Sovversioni del fotomontaggio politico: l'immagine agitata di John Heartfield

Rosanna Gangemi

The principle of classical composition, based on the isolated piece, presents the univocal image of a perfect world; that of the assembly of heterogeneous parts, a priori incompatible, reveals the contradictions of the existing. This intuition is at the basis of the photomontages of John Heartfield (1891-1968), one of the most innovative disrupter of visions of the twentieth century, pioneer of political photomontage, whose influence, going well beyond the limits of Dadaism, will extend to many more areas of the artistic world. In 1938, the philosopher Günther Anders (1902-1992) dedicated to him a quite unknown text, “On photomontage”.
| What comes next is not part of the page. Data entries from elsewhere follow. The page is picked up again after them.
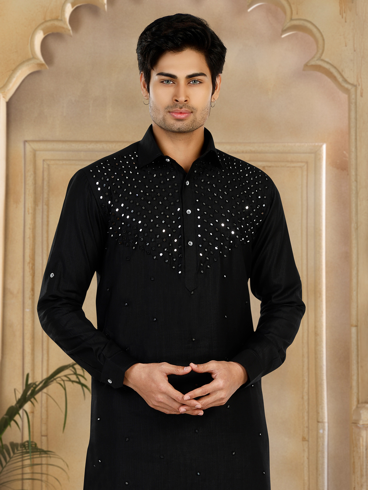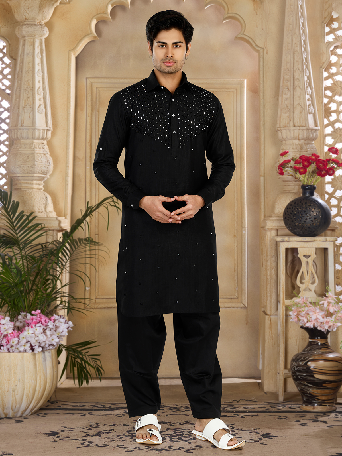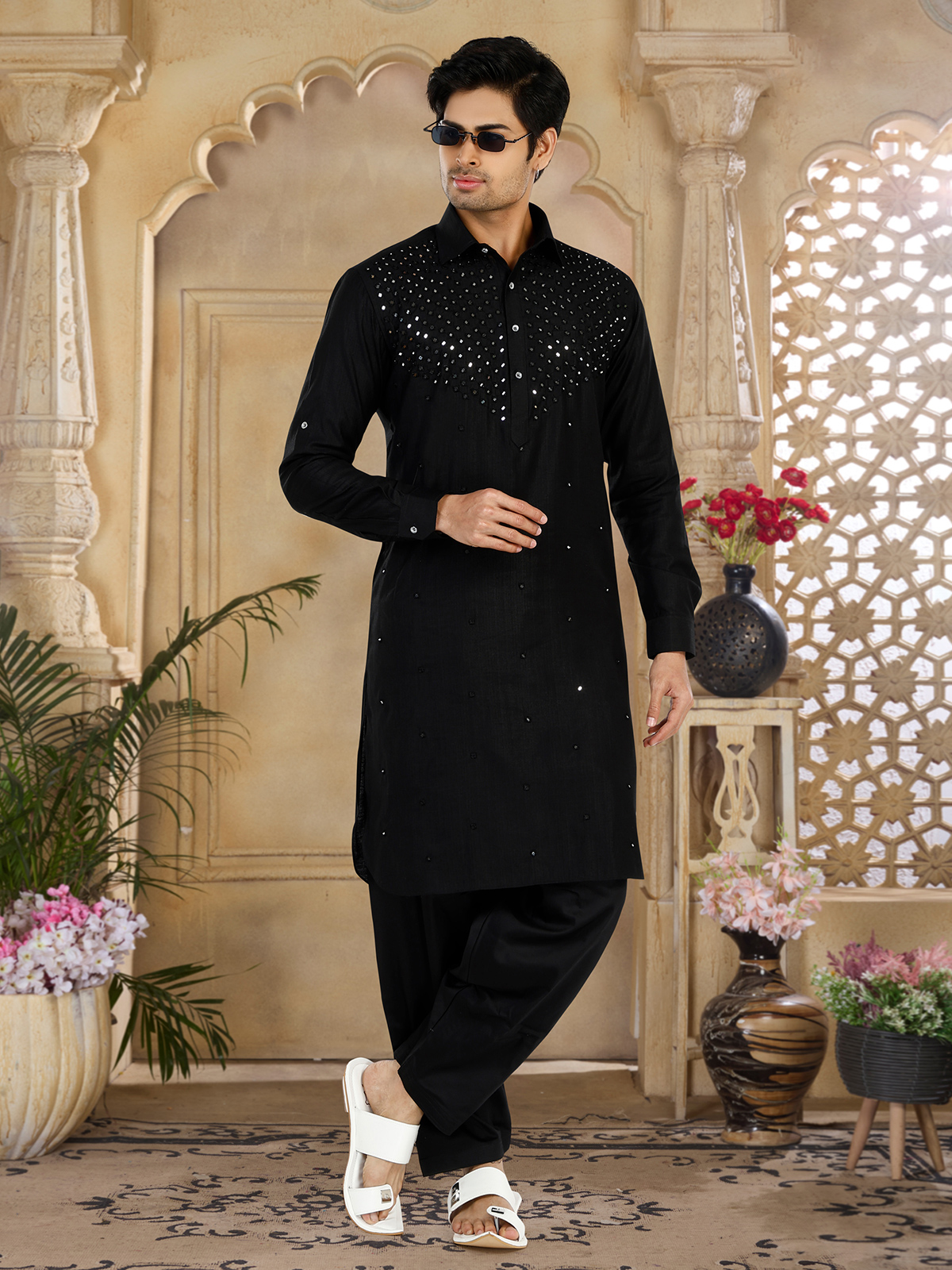 Stay chic and comfortable in our must-have black pathani suit, enhanced with exquisite mirror and resham work. With its collar neck and full sleeves, this suit is perfect for any occasion. Comes with a bottom.
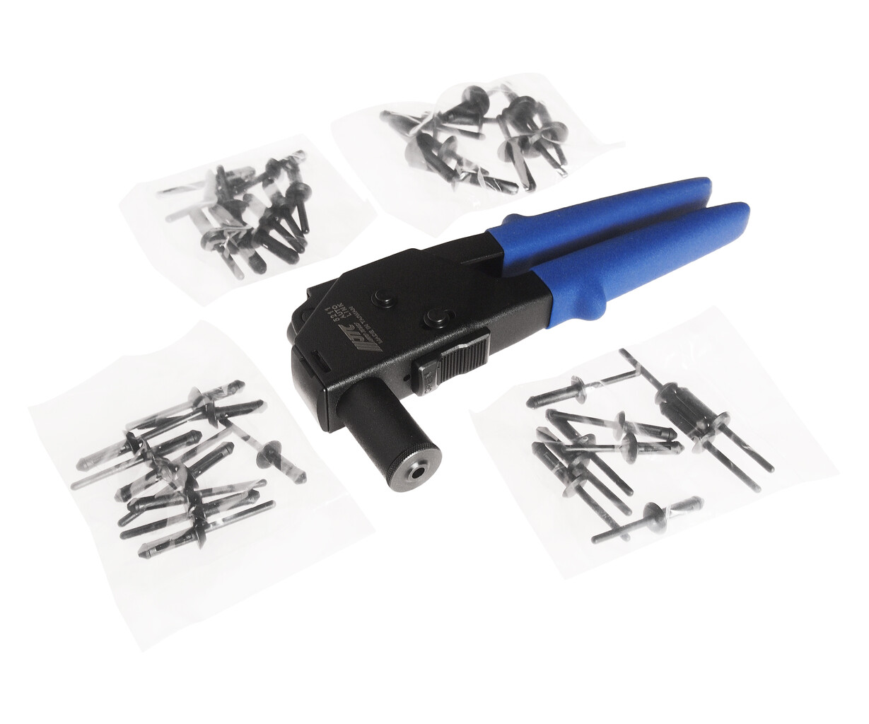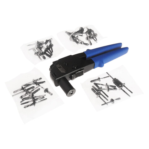 • В комплекте: Заклепочник – 1 шт. Заклепки ø5х15.8 мм. – 10 шт. Заклепки ø5х17.2 мм. – 10 шт. Заклепки ø6.3х25.2 мм. – 10 шт. Заклепки ø6.6х17.2 мм. – 10 шт. Материал заклепок: нейлон 66. Габаритные размеры: 350/200/40 мм. (Д/Ш/В) Вес: 750 гр.
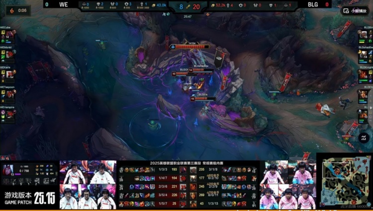 直播吧8月9日讯 2025年LPL第三赛段继续进行中,今天是三场登峰组的比赛!首场比赛是WE对阵BLG!
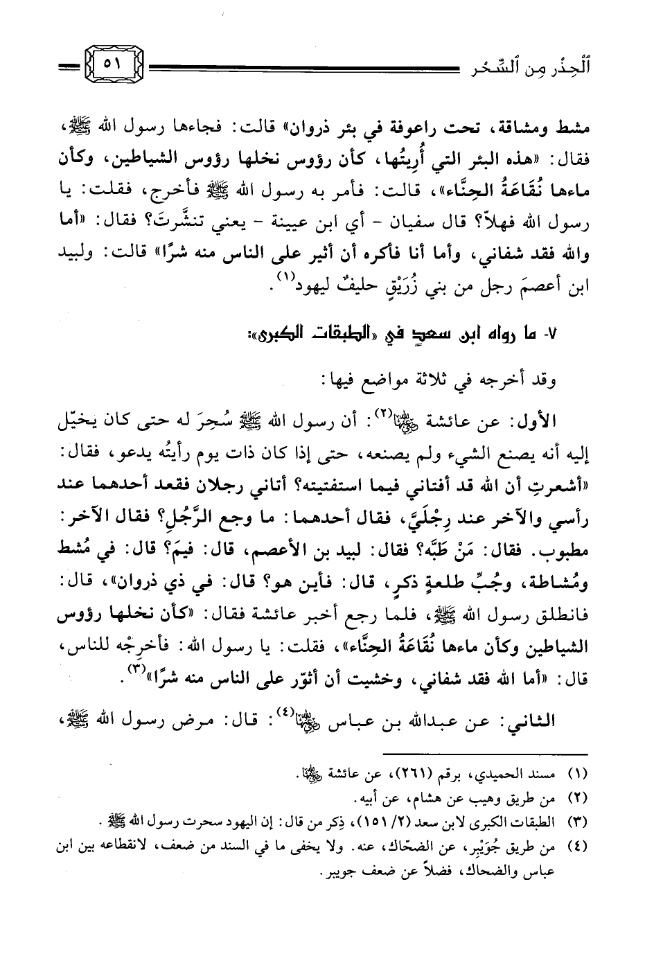 (¬3) الطبقات الكبرى لابن سعد (2/151) ، ذِكر من قال: إن اليهود سحرت رسول الله صلى الله عليه وسلم.
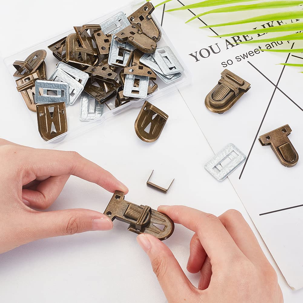 [PH PandaHall] 10セット 鉄製 バッグ用留め具 バッグ留め金 差込錠カシメタイプ バッグ 差込み錠 バッグパーツ 引きカン金具 バックル 接続 金具 金属 パーツ レザークラフト アクセサリーパーツ 手作り素材 アンティークブロンズ
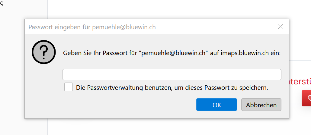 Peschi35 ich habe Thunderbird als Mailprogramm installiert, aber ich kann es nicht gebrauchen, weil die Meldung: Geben Sie das Passwort für "pemuehle @Bluewin.ch" auf imaps.bluewin.ch ein. Wo finde ich dieses Passwort? Gruss Peschi35
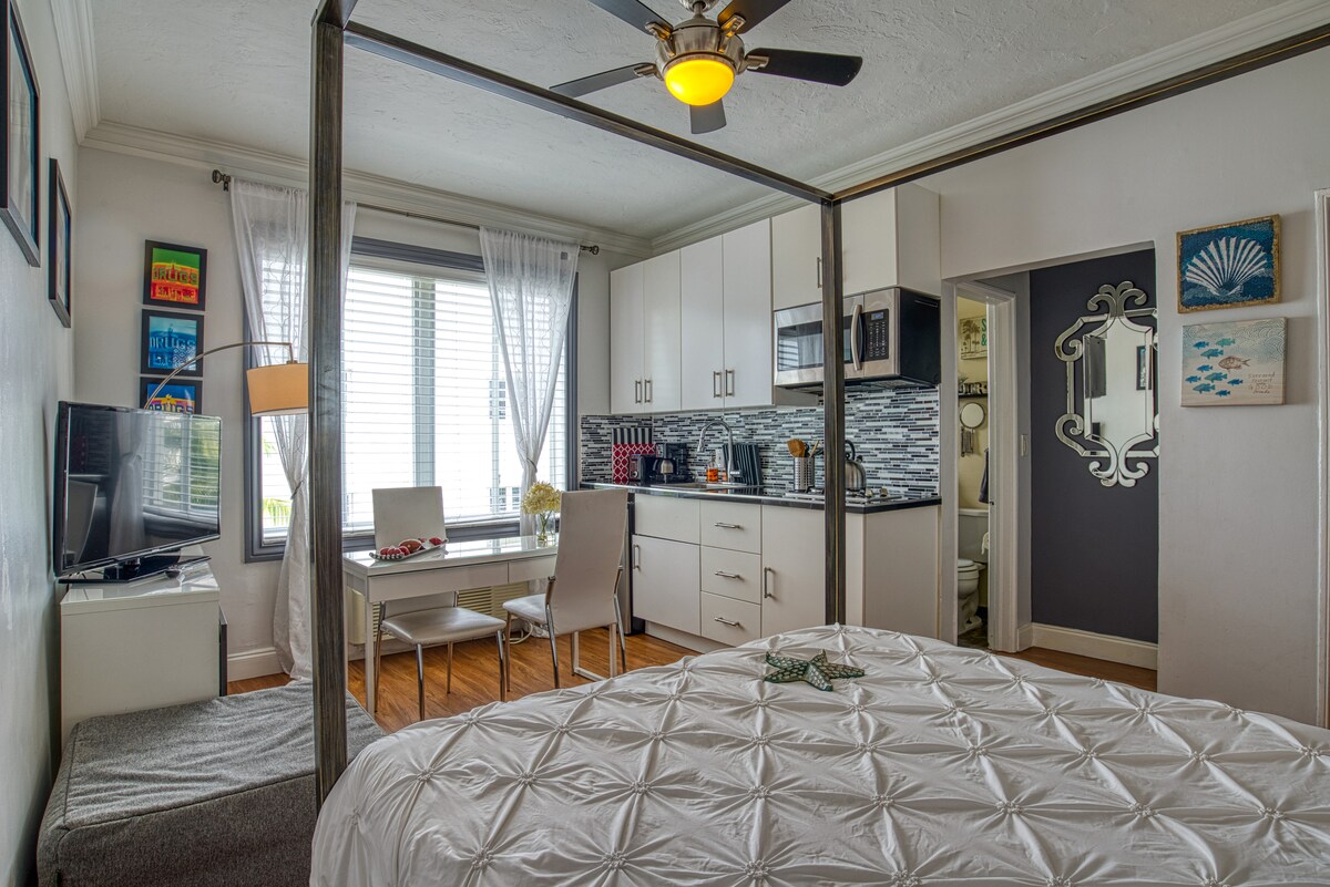 Beautiful Studio across from the beach with an amazing king size bed , 5 min uber ride to lincon road and all the action in south beach.You’ll love my place because it's very clean it’s comfortable with an amazing bed , Art Deco building made the room feel like a comfy and elegant . The room is spacious and will make you feel right at home.. My place is good for couples, solo adventurers, business travelers, Been a super host for 8 years now Looking forward to host you ! Thanks 🙏

This essay is mainly intended to account for Anders' original analysis of Heartfield's militant photo collages, defined as genuine judgments on the world. The topics that bring out what is profoundly new in his practice will be explored: the visual and rhetorical modalities that it promotes, the role it assigns to the recipient, and the necessarily ambivalent place in the world of art, up to the process of conception and diffusion resulting from certain collective creative dynamics, in particular the association with the painter George Grosz and, above all, the contribution of his brother, Wieland Herzfelde, to whom Heartfield owes many of the verbal statements that streak his visual pamphlets.